To input the images to the current project:

The dataset below shows a RADARSAT-2 dataset that was downloaded from  http://www.radarsat2.info/product/demo_set/. The Vancouver Dataset is the one that will be used for this particular tutorial. This dataset contains all of the beam modes available from RADARSAT-2: dual polarized, high resolution, single polarized and ultra-fine mode. The file that will be used for viewing and orthorectifying in this tutorial will be product.xml. The *.tif files that are provided with the dataset are referenced by the product.xml file. The file used for this tutorial is
Vancouver_R2_Standard7_HH_HV_SGF, and can be found in the Vancouver directory at the link above.

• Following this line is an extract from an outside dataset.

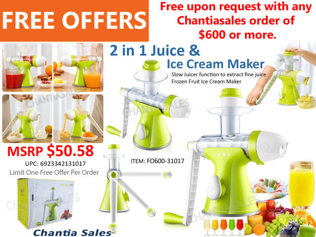 2in1 JUICE & ICE CREAM MAKER (Free upon request with any order of $600or more. Limit One Free Offer per order. Limited Time Offer)

  1. From the Processing Step menu on the OrthoEngine toolbar, select ‘Ortho Generation’.
  2. On the Ortho Generation toolbar, click Open Image button. The Open Image dialog box opens.
  3. Click New Image in the Open Image dialog. A File Selector dialog opens.
  4. Browse to the folder containing your RAW RADARSAT-2 data.
  5. Select and open product.xml file (if you cannot see the *.xml-type files, select *.xml from the “Files of Type” dropdown in the File Selector dialog).
  6. System will prompt you for calibration type: Sigma nought, Beta nought, Gamma, None. The calibration type will be listed in the Ortho Production  panel in the "uncorrected Image" section and it is the type of ortho image  that will be produced. For example, you can add the same image twice in the ortho production panel - once for beta nought, once for sigma nought and two orthos will be produced.
  7. After this step, system will prompt you to create Overviews. Click Yes.
  8. References to the imported file will appear in the Open Image dialog


Saving the Project

  1. Click File on the main OrthoEngine toolbar.
  2. Click Save in the file menu.

The project file RADARSAT2 is saved in the specified folder. In addition, OrthoEngine automatically creates a backup file every 10 minutes. The backup file uses the same file name as the project file, but with a .bk extension.

Tip; If you need to revert to the backup file, rename the backup file so that it uses the .p  rj extension. OrthoEngine can load this project file as it would any other *.prj file.

Orthorectifying RADARSAT-2 Data
When working with the Radar Specific Model, the inclusion of ground control points (GCPs) is optional. Without any GCPs, the model is calculated based on the satellite’s positioning information. Further addition of few GCPs, although not necessary, will refine the model, and as a result, improve its accuracy. This means, however, that  as long as a DEM is included in your project (either by importing or extracting a DEM from stereo radar images), the images can still be orthorectified without any GCPs.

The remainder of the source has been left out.